The new minister has the unenviable task of pepping up Europe's second-biggest economy, which registered zero growth in the first six months of the year.

Finance Minister Michel Sapin and Foreign Minister Laurent Fabius were also confirmed in their posts and Ms Segolene Royal, Mr Hollande's former partner and the mother of his four children, stays environment and energy minister.

The reshuffle was seen as an attempt by Mr Hollande, whose popularity is at a record low, to wrest back control of the political agenda, crush internal party rebellion and push forward his economic reform policies.

Leading daily Le Monde described the cabinet reshuffle as "the last chance for the president to save his five-year term."

The new government faces a host of challenges, not least a budget bill in parliament that will be watched very closely by the European Union, which has insisted France slash its ballooning budget deficit.

France's latest political crisis was sparked by a hasty government resignation on Monday after Valls and Hollande lost patience with former economy minister Arnaud Montebourg, an outspoken leftist firebrand, and his attacks on the country's economic direction.

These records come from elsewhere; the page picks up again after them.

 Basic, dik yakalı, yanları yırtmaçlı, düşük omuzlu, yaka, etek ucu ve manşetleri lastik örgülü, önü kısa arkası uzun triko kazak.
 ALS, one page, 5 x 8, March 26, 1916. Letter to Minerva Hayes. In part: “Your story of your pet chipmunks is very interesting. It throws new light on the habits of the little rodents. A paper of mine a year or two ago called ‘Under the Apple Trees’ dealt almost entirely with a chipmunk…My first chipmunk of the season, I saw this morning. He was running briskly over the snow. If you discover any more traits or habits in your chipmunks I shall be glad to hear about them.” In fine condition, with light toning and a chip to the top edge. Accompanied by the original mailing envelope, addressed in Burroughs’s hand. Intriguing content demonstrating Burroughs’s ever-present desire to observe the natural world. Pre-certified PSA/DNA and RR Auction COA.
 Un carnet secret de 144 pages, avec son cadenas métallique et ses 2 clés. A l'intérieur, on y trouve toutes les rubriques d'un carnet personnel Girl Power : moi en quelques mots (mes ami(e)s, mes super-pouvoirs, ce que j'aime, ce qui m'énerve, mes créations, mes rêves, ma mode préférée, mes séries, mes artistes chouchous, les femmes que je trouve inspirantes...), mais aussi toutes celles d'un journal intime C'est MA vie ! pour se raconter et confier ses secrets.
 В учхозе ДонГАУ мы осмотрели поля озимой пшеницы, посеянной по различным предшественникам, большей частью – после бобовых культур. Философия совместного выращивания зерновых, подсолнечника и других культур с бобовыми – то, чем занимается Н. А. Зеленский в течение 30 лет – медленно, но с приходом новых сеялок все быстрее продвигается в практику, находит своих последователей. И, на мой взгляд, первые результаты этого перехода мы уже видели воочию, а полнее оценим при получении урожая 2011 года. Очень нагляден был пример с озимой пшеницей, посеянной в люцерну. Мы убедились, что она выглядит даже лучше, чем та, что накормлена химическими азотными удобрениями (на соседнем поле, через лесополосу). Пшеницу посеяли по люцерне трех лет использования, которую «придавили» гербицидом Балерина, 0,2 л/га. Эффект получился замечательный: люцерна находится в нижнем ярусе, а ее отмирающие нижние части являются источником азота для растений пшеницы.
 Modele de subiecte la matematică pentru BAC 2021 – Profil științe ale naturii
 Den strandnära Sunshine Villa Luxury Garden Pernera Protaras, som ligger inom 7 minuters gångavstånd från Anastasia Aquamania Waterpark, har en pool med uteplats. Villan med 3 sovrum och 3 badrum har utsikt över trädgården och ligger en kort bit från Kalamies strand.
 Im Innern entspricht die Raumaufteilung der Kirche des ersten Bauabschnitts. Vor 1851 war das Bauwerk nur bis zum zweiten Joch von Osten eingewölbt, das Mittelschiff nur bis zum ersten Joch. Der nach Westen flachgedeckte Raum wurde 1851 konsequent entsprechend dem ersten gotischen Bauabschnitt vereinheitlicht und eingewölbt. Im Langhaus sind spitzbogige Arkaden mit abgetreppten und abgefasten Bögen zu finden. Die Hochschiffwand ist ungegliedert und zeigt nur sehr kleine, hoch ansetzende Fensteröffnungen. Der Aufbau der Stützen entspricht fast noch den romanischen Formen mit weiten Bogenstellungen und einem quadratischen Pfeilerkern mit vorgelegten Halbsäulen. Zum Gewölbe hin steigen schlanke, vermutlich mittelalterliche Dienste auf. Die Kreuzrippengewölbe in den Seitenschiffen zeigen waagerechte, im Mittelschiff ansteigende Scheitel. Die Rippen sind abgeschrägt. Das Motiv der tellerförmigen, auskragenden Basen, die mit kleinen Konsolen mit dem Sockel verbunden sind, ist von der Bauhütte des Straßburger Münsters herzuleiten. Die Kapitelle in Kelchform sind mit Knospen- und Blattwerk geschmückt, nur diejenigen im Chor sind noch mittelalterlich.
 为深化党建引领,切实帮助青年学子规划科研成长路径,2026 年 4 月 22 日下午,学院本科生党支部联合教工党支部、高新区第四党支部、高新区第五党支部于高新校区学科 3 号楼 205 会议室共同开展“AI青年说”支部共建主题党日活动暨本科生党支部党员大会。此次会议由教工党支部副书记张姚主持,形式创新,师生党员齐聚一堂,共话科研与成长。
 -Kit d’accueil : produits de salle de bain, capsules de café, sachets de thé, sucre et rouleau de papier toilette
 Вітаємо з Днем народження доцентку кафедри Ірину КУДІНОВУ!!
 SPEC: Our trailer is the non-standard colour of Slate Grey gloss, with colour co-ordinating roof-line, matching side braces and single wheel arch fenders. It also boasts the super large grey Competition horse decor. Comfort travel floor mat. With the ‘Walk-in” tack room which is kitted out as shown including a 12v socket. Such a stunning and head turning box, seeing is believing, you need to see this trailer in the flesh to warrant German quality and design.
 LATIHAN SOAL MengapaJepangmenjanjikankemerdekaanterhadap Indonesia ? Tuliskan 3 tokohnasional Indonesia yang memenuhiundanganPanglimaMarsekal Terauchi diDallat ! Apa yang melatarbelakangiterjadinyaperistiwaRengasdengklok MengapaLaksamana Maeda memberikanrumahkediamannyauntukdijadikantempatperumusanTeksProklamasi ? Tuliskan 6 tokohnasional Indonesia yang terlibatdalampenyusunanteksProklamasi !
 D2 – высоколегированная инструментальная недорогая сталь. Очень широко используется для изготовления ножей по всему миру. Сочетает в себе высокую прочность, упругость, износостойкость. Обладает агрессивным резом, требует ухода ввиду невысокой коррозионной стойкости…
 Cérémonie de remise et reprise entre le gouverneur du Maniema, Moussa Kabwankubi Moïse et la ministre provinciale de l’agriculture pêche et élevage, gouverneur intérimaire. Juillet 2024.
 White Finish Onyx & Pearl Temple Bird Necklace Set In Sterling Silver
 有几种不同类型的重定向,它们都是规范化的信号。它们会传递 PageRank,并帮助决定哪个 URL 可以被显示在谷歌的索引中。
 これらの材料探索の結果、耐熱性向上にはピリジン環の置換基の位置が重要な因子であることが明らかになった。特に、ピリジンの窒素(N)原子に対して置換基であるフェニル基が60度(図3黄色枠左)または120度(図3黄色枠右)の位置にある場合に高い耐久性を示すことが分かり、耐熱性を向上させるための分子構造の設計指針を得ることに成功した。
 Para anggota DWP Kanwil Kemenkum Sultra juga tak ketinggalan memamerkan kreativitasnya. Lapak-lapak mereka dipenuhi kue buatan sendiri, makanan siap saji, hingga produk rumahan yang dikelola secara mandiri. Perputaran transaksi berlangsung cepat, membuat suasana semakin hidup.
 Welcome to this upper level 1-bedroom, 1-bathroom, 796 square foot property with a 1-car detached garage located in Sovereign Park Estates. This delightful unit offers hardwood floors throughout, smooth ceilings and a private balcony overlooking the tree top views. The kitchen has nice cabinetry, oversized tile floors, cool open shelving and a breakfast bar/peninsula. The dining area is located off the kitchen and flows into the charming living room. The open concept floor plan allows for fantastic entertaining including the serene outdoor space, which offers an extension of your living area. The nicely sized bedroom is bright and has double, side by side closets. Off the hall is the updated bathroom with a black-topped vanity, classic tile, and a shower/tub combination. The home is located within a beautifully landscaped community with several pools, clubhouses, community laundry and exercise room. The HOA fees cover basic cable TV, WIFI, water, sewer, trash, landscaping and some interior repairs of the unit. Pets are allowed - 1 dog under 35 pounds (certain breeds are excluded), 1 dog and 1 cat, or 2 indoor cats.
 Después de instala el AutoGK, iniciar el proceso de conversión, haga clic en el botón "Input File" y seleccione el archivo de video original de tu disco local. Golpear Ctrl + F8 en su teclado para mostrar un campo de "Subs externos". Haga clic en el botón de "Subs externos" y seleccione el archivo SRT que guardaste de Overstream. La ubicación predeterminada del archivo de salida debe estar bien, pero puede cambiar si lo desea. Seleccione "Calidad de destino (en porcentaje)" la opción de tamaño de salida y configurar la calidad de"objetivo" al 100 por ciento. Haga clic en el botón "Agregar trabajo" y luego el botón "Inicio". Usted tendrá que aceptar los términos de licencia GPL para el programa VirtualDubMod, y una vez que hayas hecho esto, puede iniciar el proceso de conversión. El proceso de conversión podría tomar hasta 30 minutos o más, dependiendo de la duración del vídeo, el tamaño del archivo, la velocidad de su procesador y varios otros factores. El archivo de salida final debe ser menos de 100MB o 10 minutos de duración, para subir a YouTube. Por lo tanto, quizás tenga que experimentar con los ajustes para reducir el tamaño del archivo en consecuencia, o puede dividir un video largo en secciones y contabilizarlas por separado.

"There is one line, and the members of the government cannot make a spectacle out of themselves," said Mr Valls.

Reshuffling the government without the three rebel ministers - Mr Montebourg took two fellow leftists with him - was "an act of authority," said the prime minister, seen as being on the right flank of the Socialists.

Mr Montebourg insisted he was leaving on "amicable terms" with the prime minister, but the ejection of the three left-wing ministers from the cabinet raised fears of a wider split within Mr Hollande's Socialist Party that could threaten his parliamentary majority.

Opposition figures said there was a major crisis of confidence at the heart of the executive, with far-right leader Mr Marine Le Pen even calling for the lower house National Assembly to be dissolved. Mr Valls dismissed this however, pledging to hold a parliamentary vote of confidence in the government's policies "in September or in October".

"You will see, the majority will be there. There can be no other way. If the majority isn't there on that occasion, it would be finished. We couldn't finish our work," he said.

Caught in a trap of stagnating growth and high unemployment, Mr Hollande is pinning his hopes on his Responsibility Pact - a package of tax breaks for business funded by public spending cuts.

Mr Hollande has pledged to cut social charges for companies in return for the promised creation of 500,000 jobs. But with the current emphasis on austerity within Europe, France has vowed to counterbalance that with 82.38 billion euros in cuts to public spending.

"The fact that the economy is today slower in Europe and in France does not mean that we should give up" on reforms, Mr Hollande said in an interview last week.

"On the contrary, we need to go faster and further." But the spending cuts in particular have raised hackles on the left of the French political spectrum, which sees austerity as a German-led policy that drags growth down and unemployment up. And a recent survey by polling institute IFOP showed that more than eight in 10 French people had no confidence in the government when it came to economic growth, reducing the deficit or fighting unemployment.